Using Google and man pages, I've come up with these conditions:

:programname,isequal,"alpha"           /var/log/alpha.log

This logs all messages from the "alpha" application to the correct log file.

:msg,startswith," AUTH:"                /var/log/alpha-auth.log

This logs all messages starting with "AUTH:" to the correct log file.

Now obviously, the last condition doesn't just apply to "alpha", but to all messages. I would like to combine these conditions to one that says "all messages from alpha that starts with AUTH: ...". Is it possible to combine filters with "and" like that?

"BSD-style blocks" seem perfect, as I can define a block for my application and all conditions apply only to messages from that application.
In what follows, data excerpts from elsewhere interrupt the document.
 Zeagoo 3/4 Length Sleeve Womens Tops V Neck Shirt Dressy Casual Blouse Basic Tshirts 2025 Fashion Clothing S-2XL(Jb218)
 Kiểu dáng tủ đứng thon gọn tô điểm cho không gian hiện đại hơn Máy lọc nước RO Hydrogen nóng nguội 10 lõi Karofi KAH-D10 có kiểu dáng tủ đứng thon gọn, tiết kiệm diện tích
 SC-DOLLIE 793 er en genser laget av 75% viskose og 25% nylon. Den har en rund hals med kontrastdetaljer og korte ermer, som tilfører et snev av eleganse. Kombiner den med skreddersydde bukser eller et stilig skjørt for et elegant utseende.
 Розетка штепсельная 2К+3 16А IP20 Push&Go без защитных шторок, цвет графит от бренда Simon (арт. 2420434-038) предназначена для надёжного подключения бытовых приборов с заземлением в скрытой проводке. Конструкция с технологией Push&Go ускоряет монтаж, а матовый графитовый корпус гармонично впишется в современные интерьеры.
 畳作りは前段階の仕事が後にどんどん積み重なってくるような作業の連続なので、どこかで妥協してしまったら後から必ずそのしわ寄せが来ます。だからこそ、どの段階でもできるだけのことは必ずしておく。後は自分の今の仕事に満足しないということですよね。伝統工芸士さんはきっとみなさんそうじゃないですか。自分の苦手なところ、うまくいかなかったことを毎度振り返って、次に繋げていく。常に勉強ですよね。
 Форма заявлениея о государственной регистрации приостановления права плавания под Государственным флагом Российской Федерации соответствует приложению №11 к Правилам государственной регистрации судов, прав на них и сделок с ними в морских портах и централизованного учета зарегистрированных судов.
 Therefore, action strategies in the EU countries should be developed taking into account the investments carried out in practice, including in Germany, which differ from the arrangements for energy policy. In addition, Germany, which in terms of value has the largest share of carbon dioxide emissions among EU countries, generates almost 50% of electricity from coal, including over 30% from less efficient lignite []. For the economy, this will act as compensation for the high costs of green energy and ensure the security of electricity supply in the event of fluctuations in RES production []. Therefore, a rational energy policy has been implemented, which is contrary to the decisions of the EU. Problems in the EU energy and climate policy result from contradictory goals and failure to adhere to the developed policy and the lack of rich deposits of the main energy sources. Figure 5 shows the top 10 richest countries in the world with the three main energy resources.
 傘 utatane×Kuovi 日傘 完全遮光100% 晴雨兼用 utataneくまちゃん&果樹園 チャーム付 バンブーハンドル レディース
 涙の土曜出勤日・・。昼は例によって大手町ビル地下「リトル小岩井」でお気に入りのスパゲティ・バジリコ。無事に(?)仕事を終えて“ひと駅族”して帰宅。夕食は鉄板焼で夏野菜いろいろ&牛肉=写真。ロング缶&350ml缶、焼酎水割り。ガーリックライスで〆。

Unfortunately, according to the docs the feature is no longer supported (deprecated?), and I don't want to rely on a deprecated feature. Does rsyslog v7+ introduce an alternative to such blocks?

Using an expression-based filter I've managed to get my desired outcome, but I feel like I'm using a bazooka to kill a fly:

if $programname == "alpha" and $msg startswith " AUTH:" then \
    /var/log/alpha-auth.log

What would be the "correct" (i.e. simplest and least error prone) way to do this?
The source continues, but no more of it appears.